Rogers Launches Voluntary Employee Exit Packages After Shaw Merger

Rogers has launched a voluntary employee exit package, a move that comes after taking over Shaw in a $20 billion deal from earlier this spring.

According to a memo sent to employees today, Rogers CEO Tony Staffieri said, “I know the decision to participate in this program is a significant one. We will do everything we can to provide you with the information you need to help you make a thoughtful decision,” reported The Globe and Mail on Tuesday.

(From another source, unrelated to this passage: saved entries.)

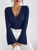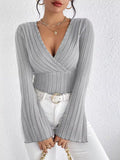Pullover Top met Diepe V-Hals en Geribd Breisel
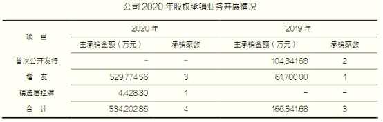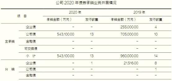 2020年,東北證券完成債券主承銷項(xiàng)目13個(gè),均為公司債,實(shí)際承銷規(guī)模54.31億元;完成債券分銷項(xiàng)目191個(gè),實(shí)際承銷規(guī)模254.00億元。
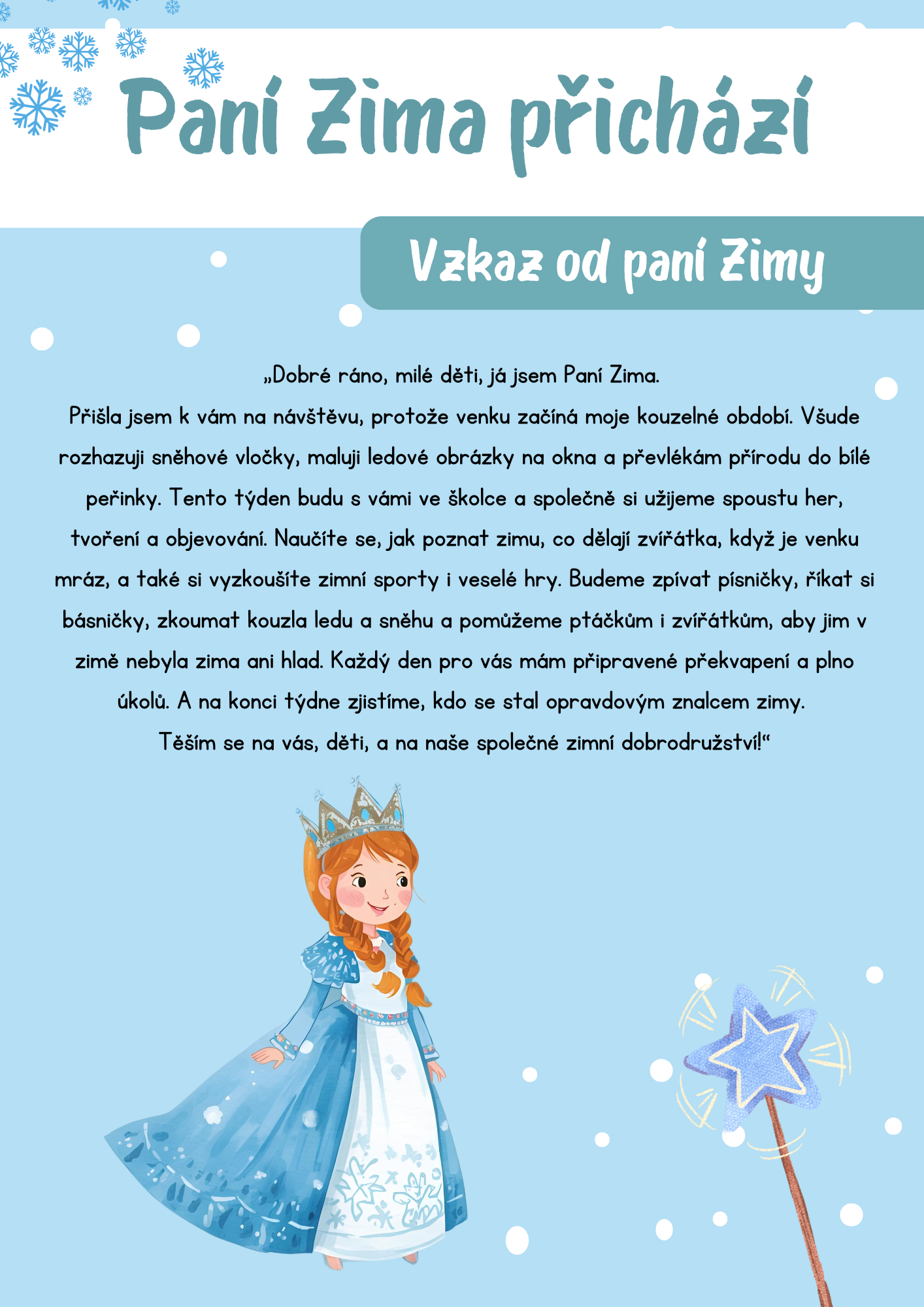 Děti provází kouzelná paní Zima, která je motivuje k objevování zimní přírody, radovánek, sportů i tradic. Soubor je rozdělený do pěti dnů a každý den nabízí jasně strukturované aktivity:
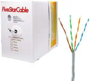 Cat5e 1000 Ft. CMR Riser Rated Solid Bare Copper Conductor UTP Ethernet High Speed POE IP Security Camera System Twisted Paired PVC Cable Grey

Further along, Staffieri indicated that despite the company’s current efforts to consolidate roles, they remain focused on growth and job creation. “We’re a growth company, and we remain committed to creating thousands of jobs over the next few years as we invest in our customers, communities and country,” said the Rogers CEO.

Most corporate and line-of-business employees up to the senior director level are eligible for the voluntary departure program, said the memo.

While detailing the future steps of the company, Staffieri emphasized that the company would continue to recruit to support network development and customer service needs.

In late June, Rogers confirmed job cuts after merging with Shaw. Despite employees being cut, Rogers said it has hired over 2,000 people in the past three months. The company has also relocated hundreds of Shaw customer-service jobs from Central America to British Columbia, Alberta, and Manitoba. As of July 1, Rogers said that all customer-service employees are now based in Canada.

Update July 4: Corrected to mention the memo was sent out on Tuesday, not last week.